▶ [WHAT THIS TASK INVOLVES]: Exact copy, pictures omitted: the line holding "今天讓我們一起來(lái)分" and every line after it down to the end of the entries.

Records from a data source:
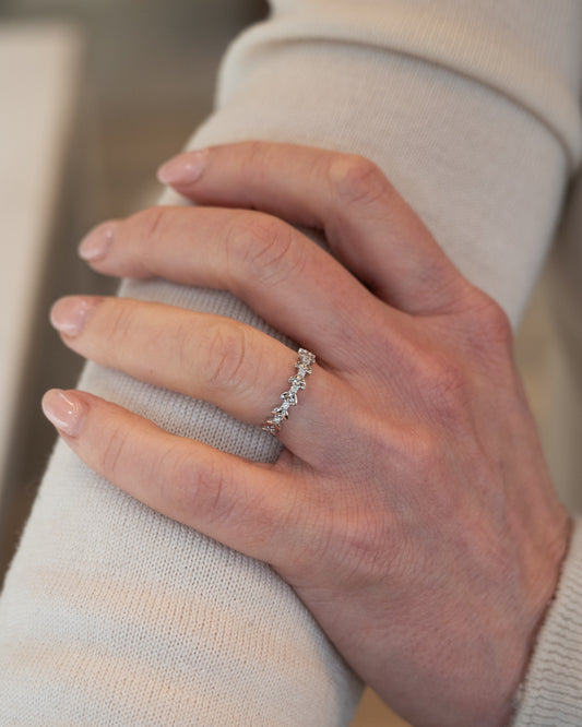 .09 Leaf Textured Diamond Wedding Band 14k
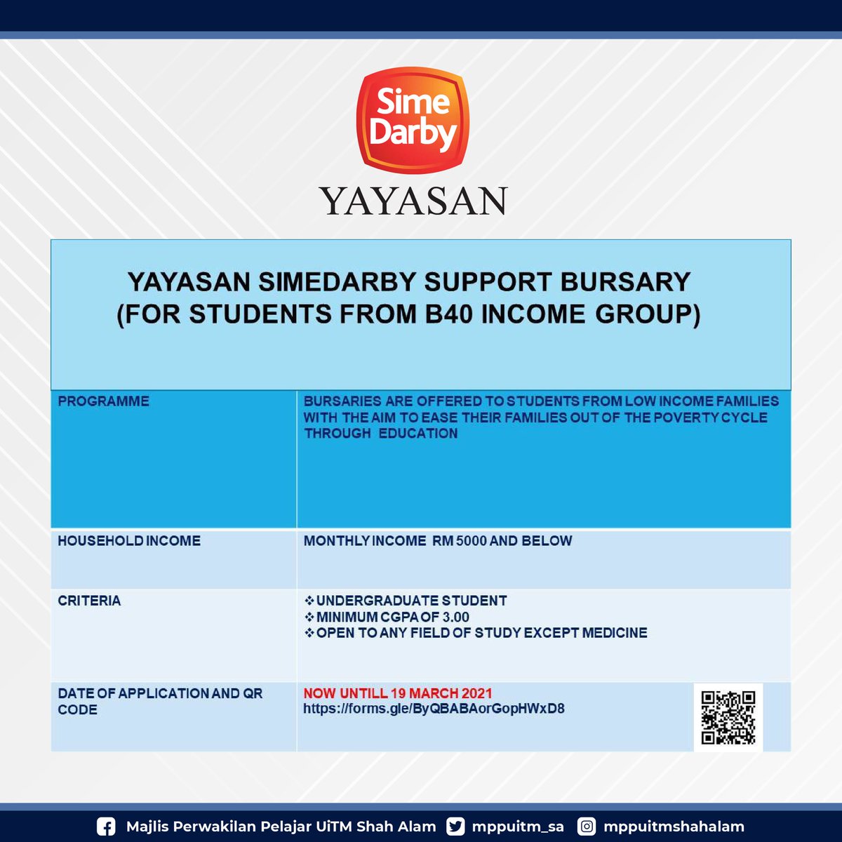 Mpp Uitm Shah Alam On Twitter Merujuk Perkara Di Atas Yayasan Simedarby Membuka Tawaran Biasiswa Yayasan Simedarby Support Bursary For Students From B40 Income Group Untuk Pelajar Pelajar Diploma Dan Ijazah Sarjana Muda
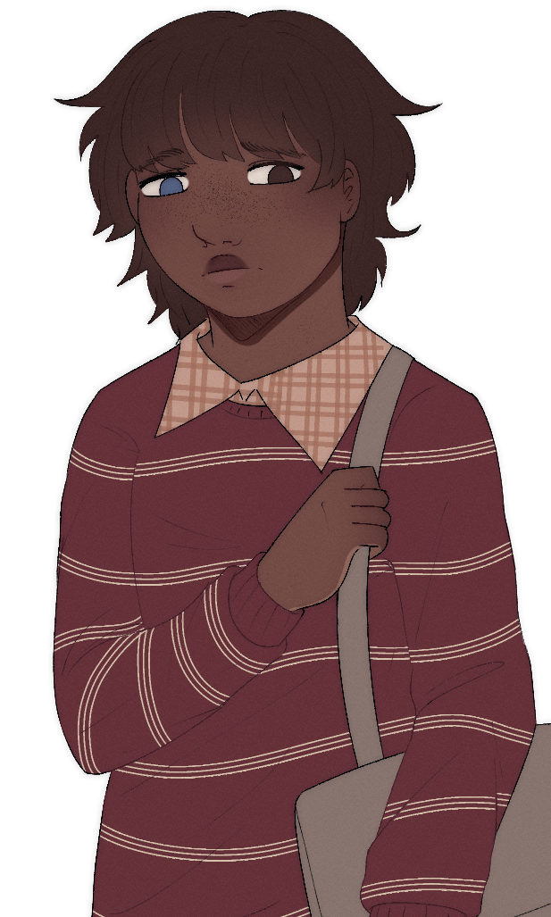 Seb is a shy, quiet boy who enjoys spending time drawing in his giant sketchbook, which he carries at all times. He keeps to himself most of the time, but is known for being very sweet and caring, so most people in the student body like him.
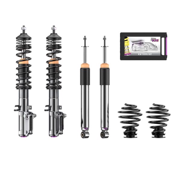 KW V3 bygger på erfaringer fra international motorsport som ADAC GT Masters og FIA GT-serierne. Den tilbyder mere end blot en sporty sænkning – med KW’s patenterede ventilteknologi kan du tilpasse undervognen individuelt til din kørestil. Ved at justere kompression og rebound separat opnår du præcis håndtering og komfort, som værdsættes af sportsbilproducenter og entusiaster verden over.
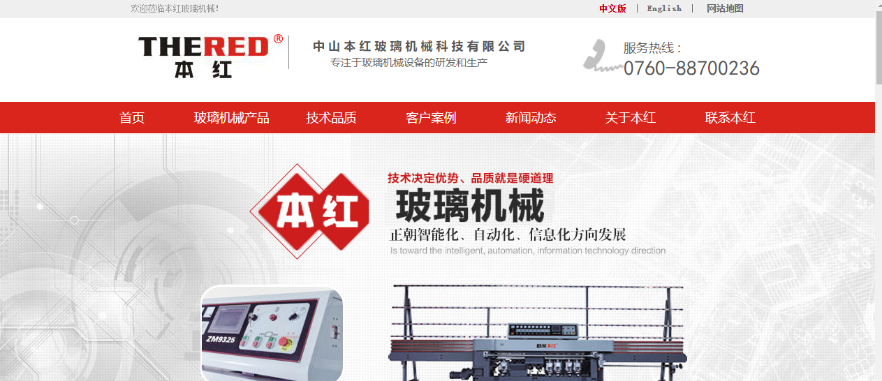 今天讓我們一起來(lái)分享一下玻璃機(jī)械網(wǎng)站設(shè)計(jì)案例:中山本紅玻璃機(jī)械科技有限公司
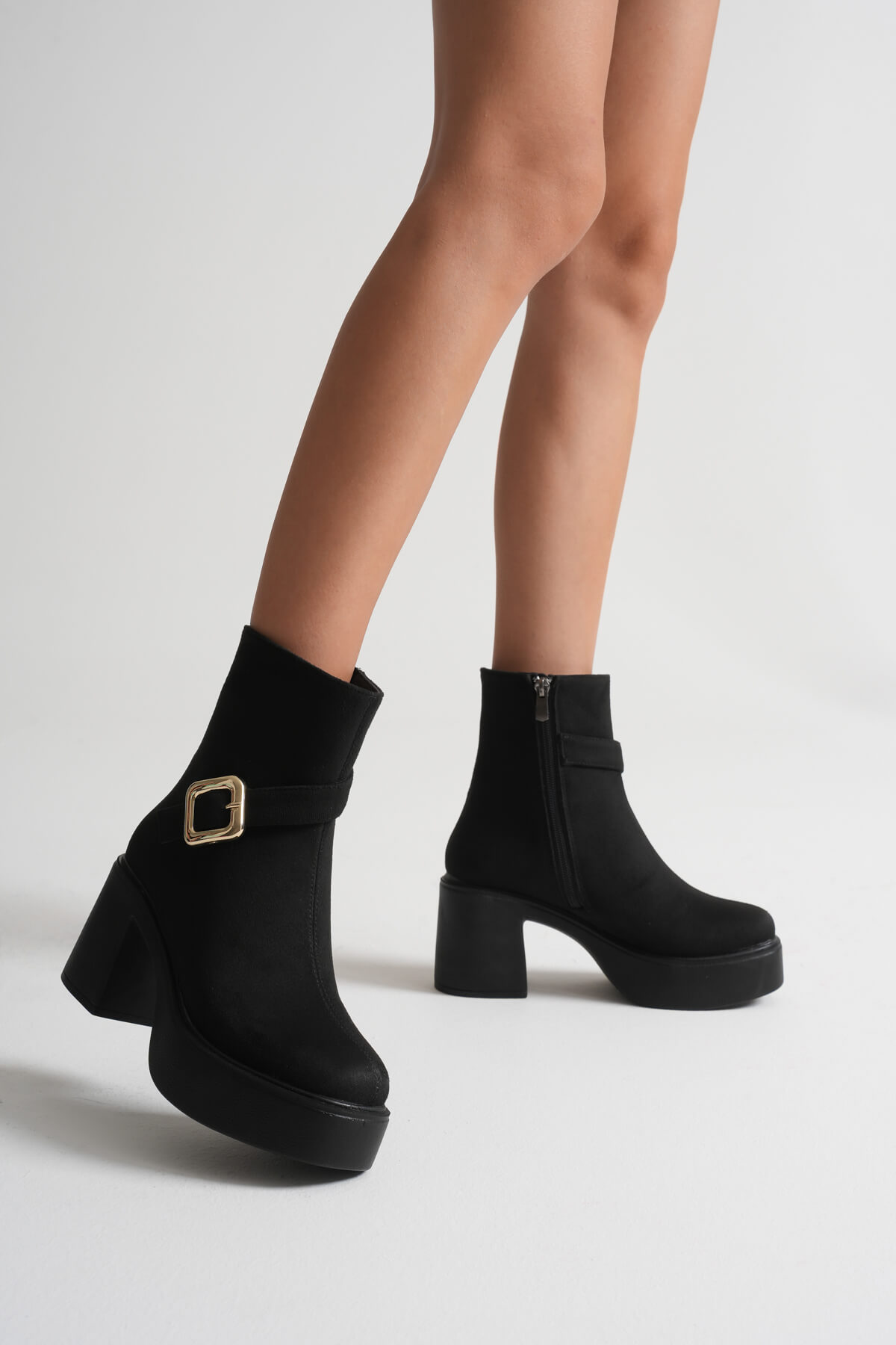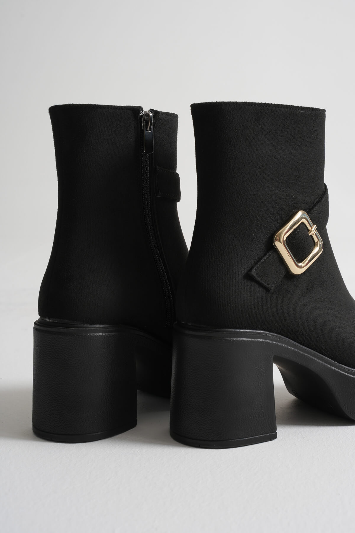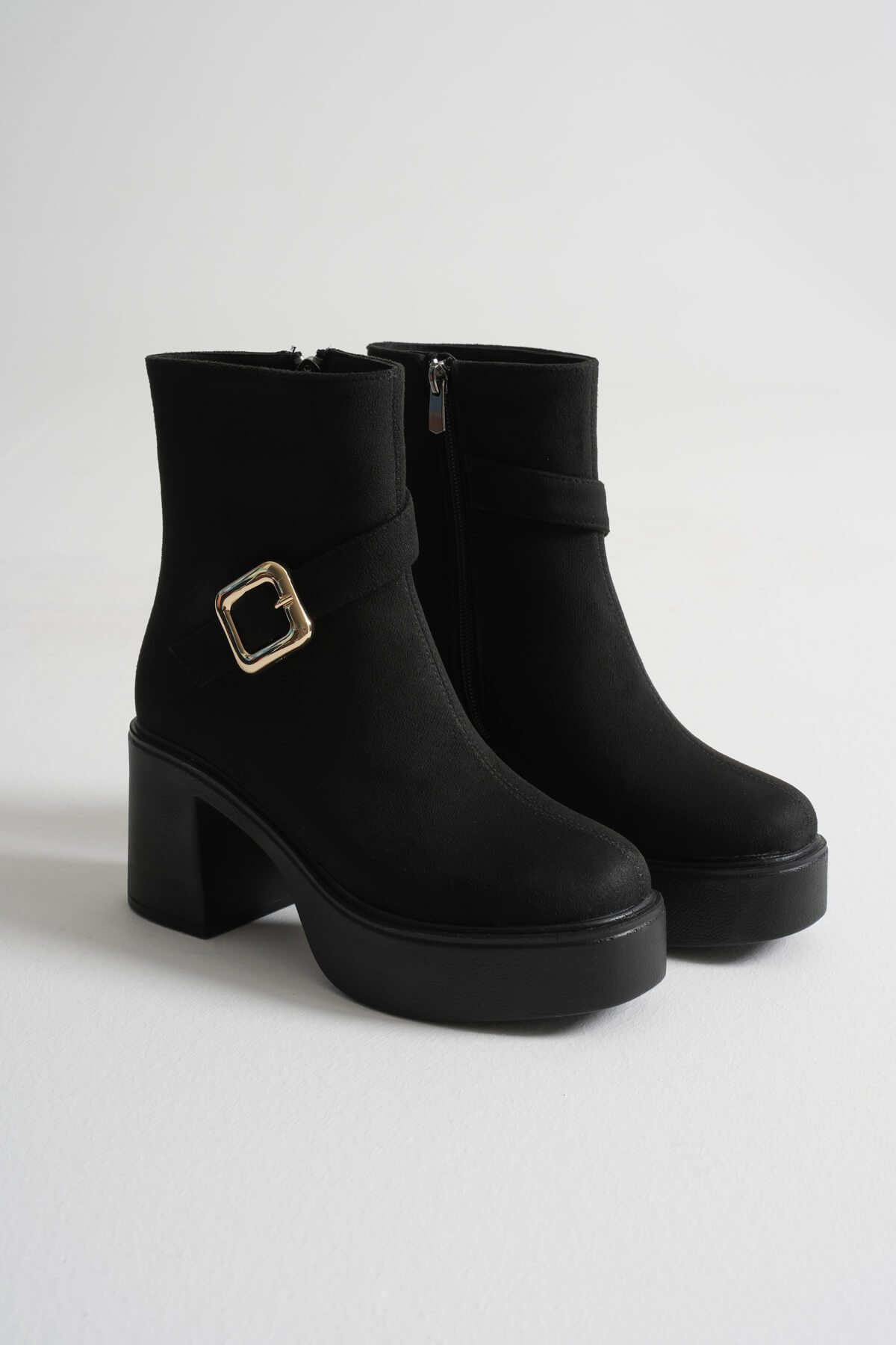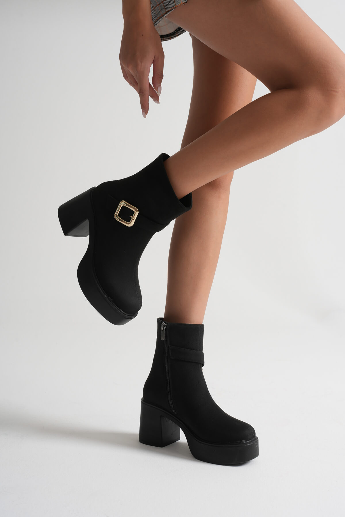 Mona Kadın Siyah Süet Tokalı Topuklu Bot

▶ [REPLY TO THE EXERCISE]:
 今天讓我們一起來(lái)分享一下玻璃機(jī)械網(wǎng)站設(shè)計(jì)案例:中山本紅玻璃機(jī)械科技有限公司
 Mona Kadın Siyah Süet Tokalı Topuklu Bot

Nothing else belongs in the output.